◆ Task: Repeat the listing exactly. Pictures stay out of your copy.

◆ Collected data:
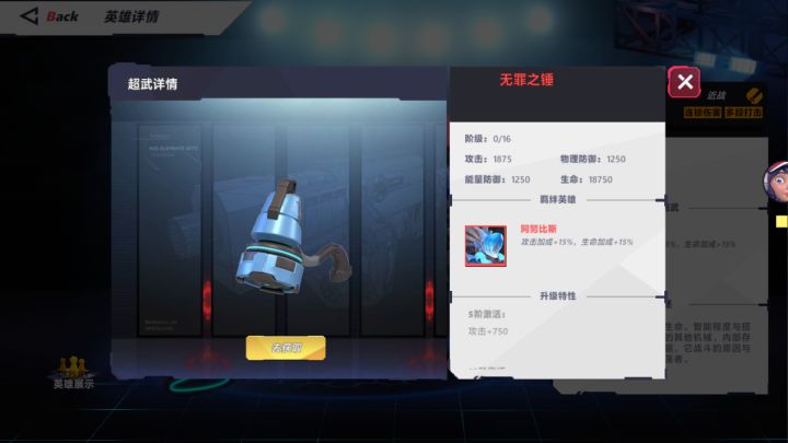 一、英雄阵营真理二、英雄类型传说英雄、红色三、英雄定位(审判官)近战、连锁伤害、多段打击四、英雄专用超级武器无罪之锤五、英雄怒气技能末日审判:消耗怒气500,对敌方全体造成300%伤害,使敌人进入[寒冷],攻速下降10%,怒气减少2点每秒,持续8秒,如果[寒冷]叠加至3层则目标被[冰冻]3秒。六、英雄背景故事诞生于未知年代的机械生命。智能程度与搭载武力都远甚于同时代的其他机械
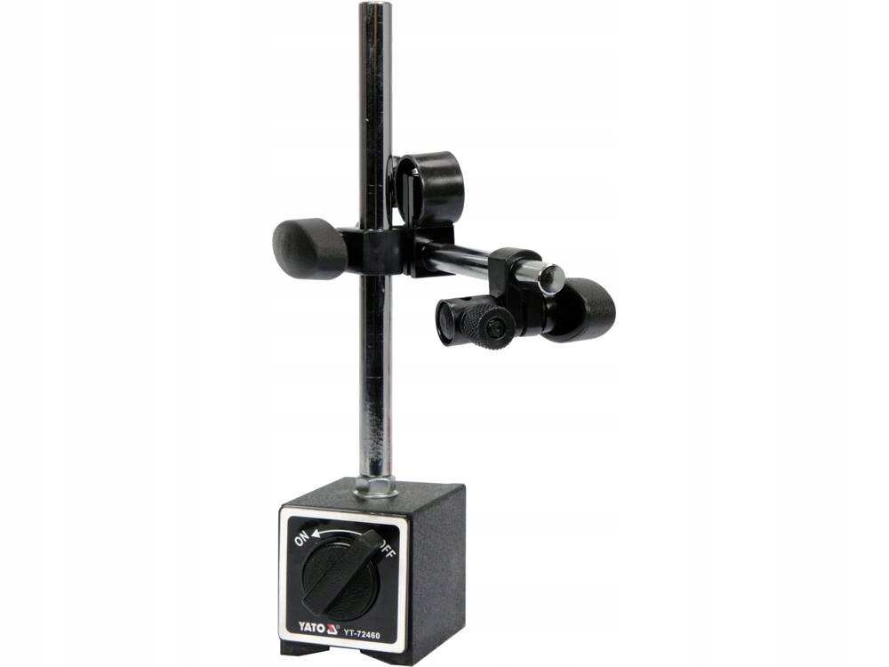 Profesjonalny statyw magnetyczny YT-72460 do czujników zegarowych YT-72450 i YT-72453. Posiada przegub sprężysty dla dokładnego pozycjonowania czujnika zegarowego na mierzonym elemencie. Centralne blokowanie pokrętłem jednocześnie środkowego i górnego przegubu. Podstawa magnetyczna z rowkiem pryzmatycznym od spodu. Duża siła przyciągania zapewnia stabilne i pewne połączenie z elementami metalowymi - odpięcie elementu realizowane jest specjalnym pokrętłem.
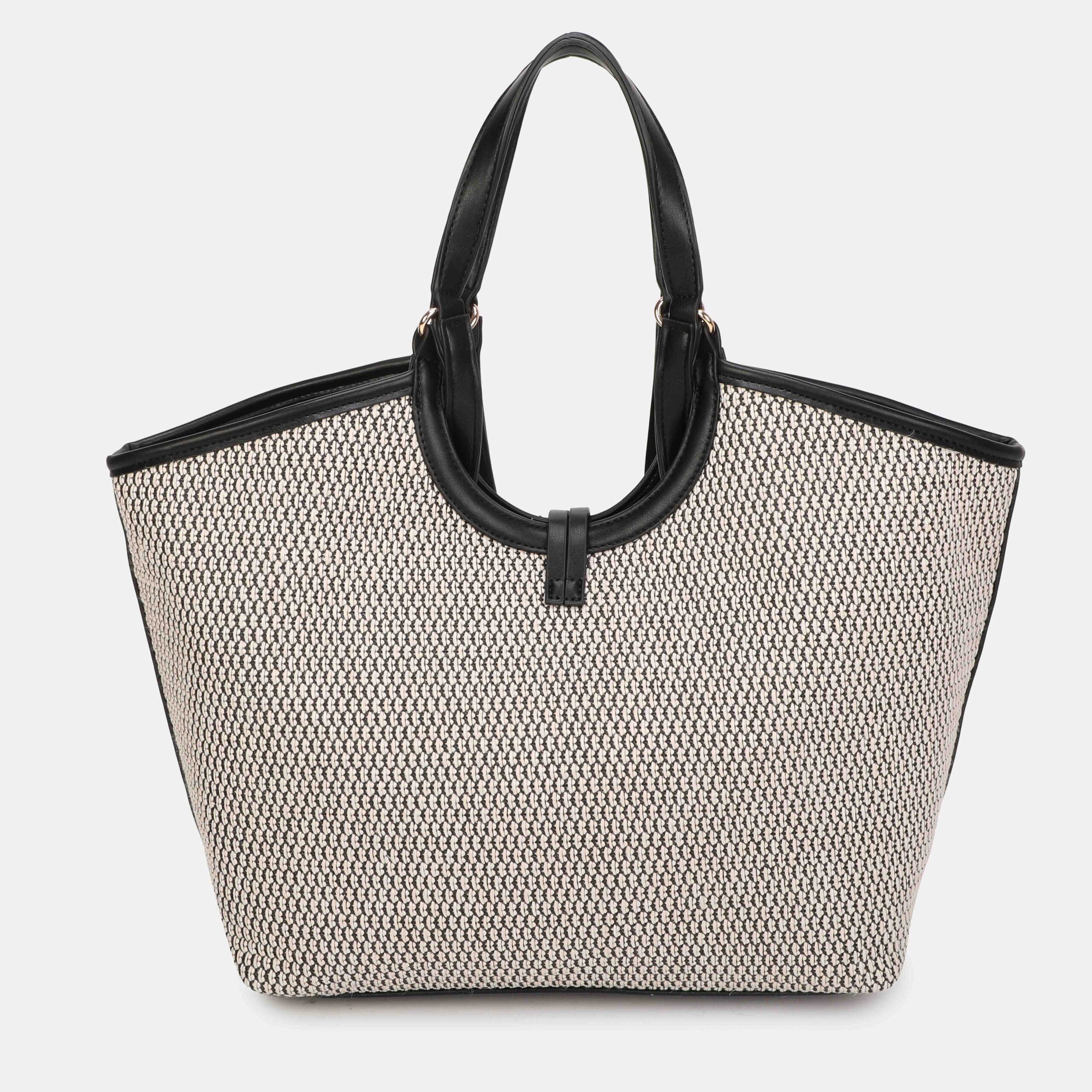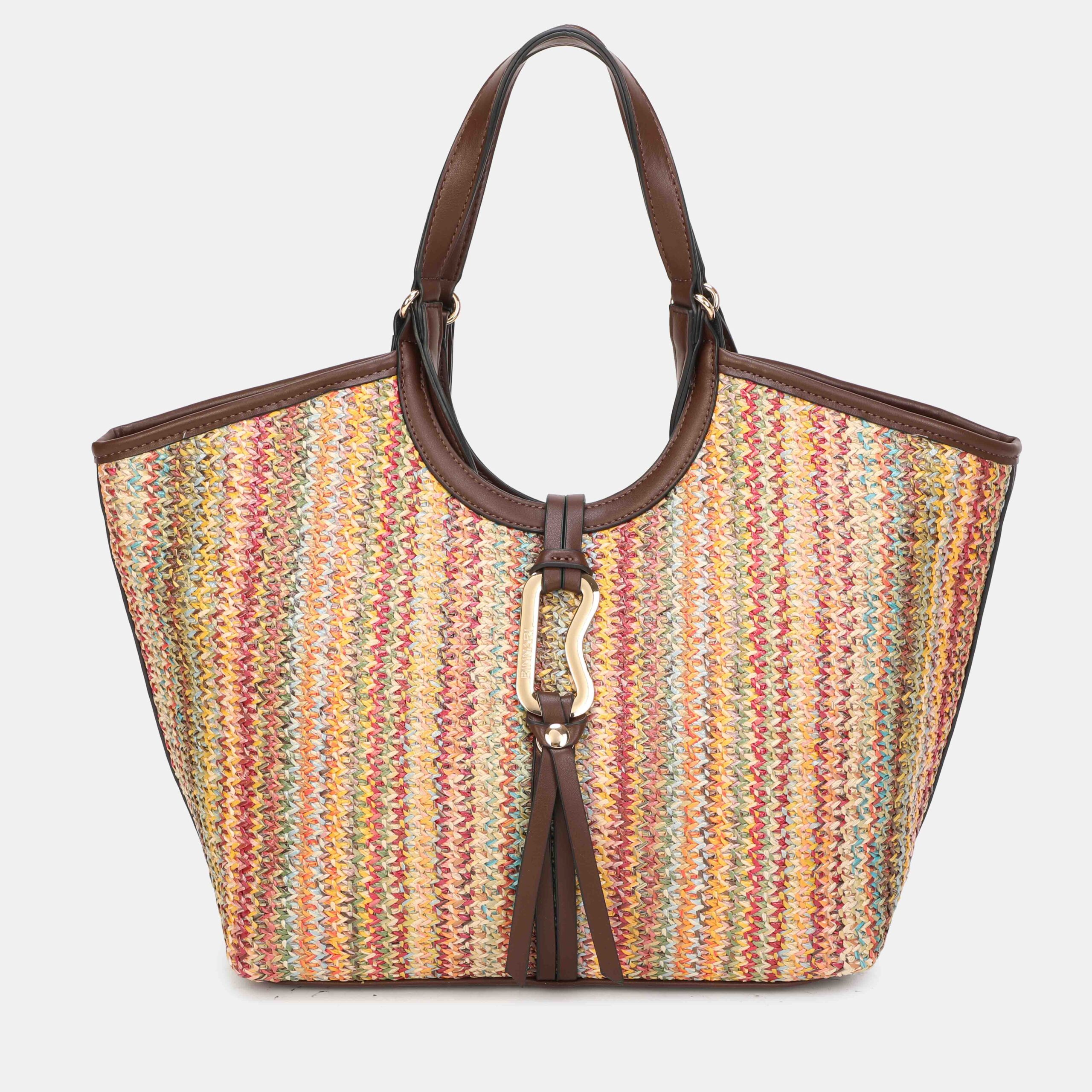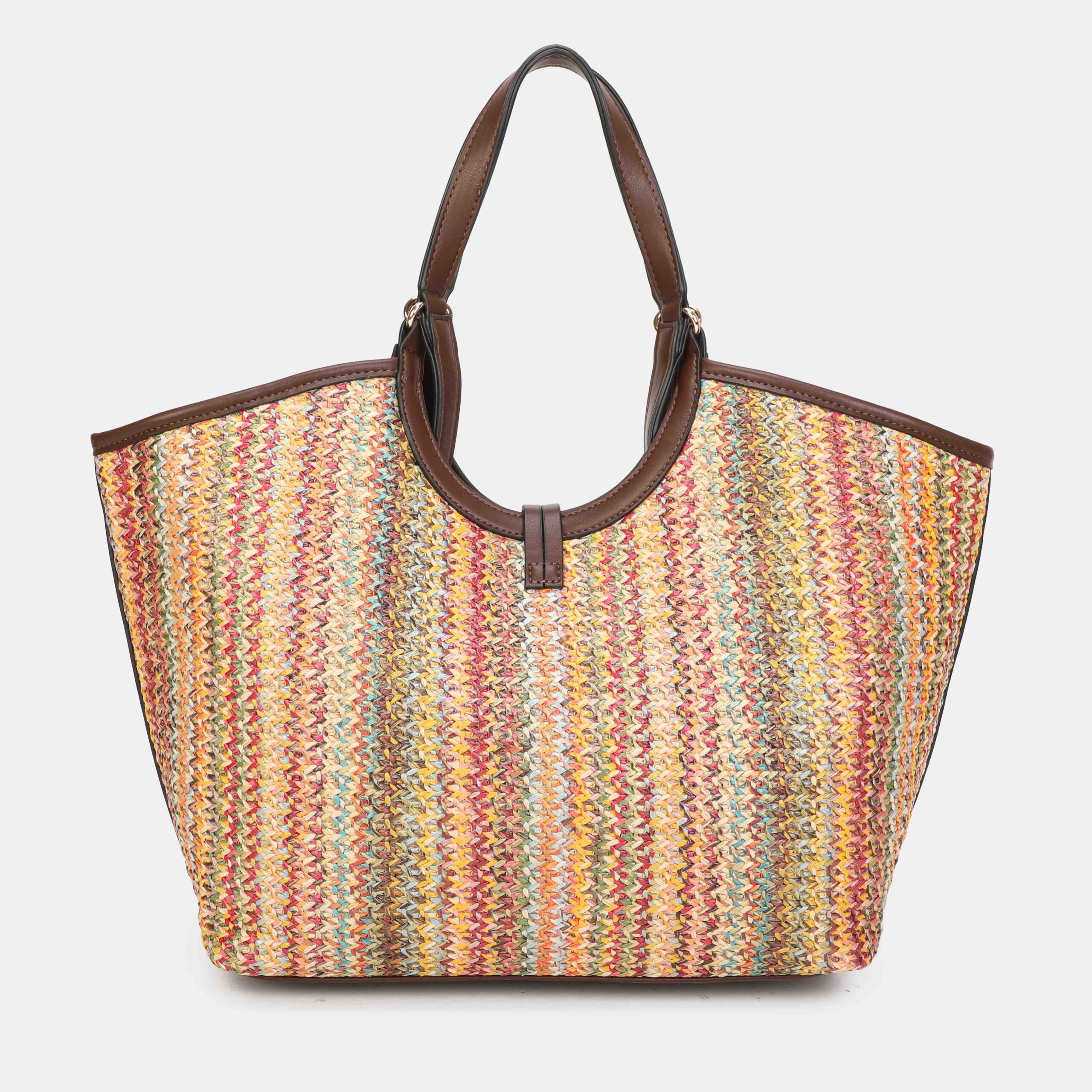 One of this season’s trending bags, the small Lina handbag. It is made of raffia and pu details. It has 2 positions: hand and shoulder strap. Exterior has closure with B. The metallic details are light gold. Don’t miss yours!

◆ Reply to the exercise:
 一、英雄阵营真理二、英雄类型传说英雄、红色三、英雄定位(审判官)近战、连锁伤害、多段打击四、英雄专用超级武器无罪之锤五、英雄怒气技能末日审判:消耗怒气500,对敌方全体造成300%伤害,使敌人进入[寒冷],攻速下降10%,怒气减少2点每秒,持续8秒,如果[寒冷]叠加至3层则目标被[冰冻]3秒。六、英雄背景故事诞生于未知年代的机械生命。智能程度与搭载武力都远甚于同时代的其他机械
 Profesjonalny statyw magnetyczny YT-72460 do czujników zegarowych YT-72450 i YT-72453. Posiada przegub sprężysty dla dokładnego pozycjonowania czujnika zegarowego na mierzonym elemencie. Centralne blokowanie pokrętłem jednocześnie środkowego i górnego przegubu. Podstawa magnetyczna z rowkiem pryzmatycznym od spodu. Duża siła przyciągania zapewnia stabilne i pewne połączenie z elementami metalowymi - odpięcie elementu realizowane jest specjalnym pokrętłem.
 One of this season’s trending bags, the small Lina handbag. It is made of raffia and pu details. It has 2 positions: hand and shoulder strap. Exterior has closure with B. The metallic details are light gold. Don’t miss yours!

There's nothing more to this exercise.